Jon Feltheimer (born September 2, 1951) is the Chief Executive Officer of Lions Gate Entertainment and has held that position since 2000. Feltheimer has led Lionsgate to grow into the leading Canadian independent filmed entertainment studio.

Biography
Feltheimer received a BA in economics with honors from Washington University in St. Louis. He helped engineer the creation of TriStar Television for Sony Pictures Entertainment where he became the head of the Columbia TriStar Television Group and executive vice president of Sony Pictures Entertainment.

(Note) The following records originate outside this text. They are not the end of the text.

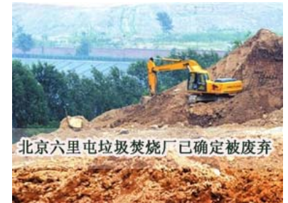
北京六里屯垃圾焚烧厂已确定被废弃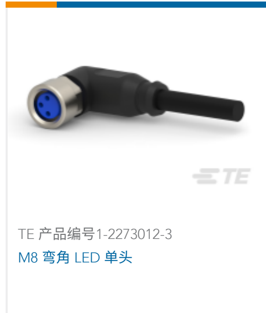
TE 产品编号1-2273012-3 M8 弯角 LED 单头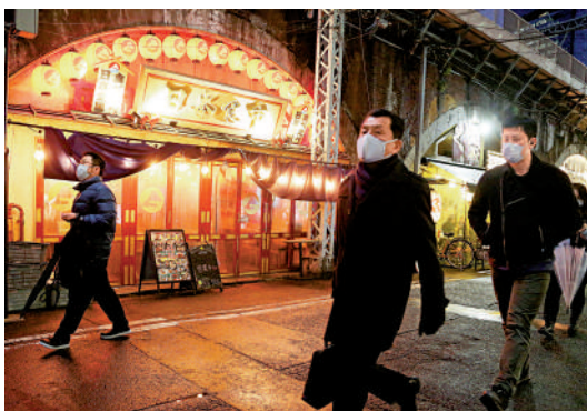
▲民眾經過東京一條餐館酒吧街。

【大公報訊】據日經新聞網報道:日本厚生勞動省5日公布的每月統計數據表明,剔除物價變動影響的6月實際工資同比減少0.4%,連續3個月負增長。雖然公司給員工加薪,但跑不贏日圓貶值及俄烏戰爭帶來的食品及能源的價格上漲。

At SPE he presided over the development of Forever Knight, Mad About You, The Nanny, Walker, Texas Ranger, Early Edition, Dawson's Creek, Party of Five, and The King of Queens. In 2000, he joined Lions Gate Entertainment where he served as CEO. Under his guidance, Lionsgate received 25 Academy Award nominations and seven Oscar wins including for Crash (film), the Best Picture of 2006. Lionsgate's television network, which operates 12 channels, is known for its hit TV series, Weeds. Lions gate recently announced that they will be extending Jon Feltheimer's contract until 2023.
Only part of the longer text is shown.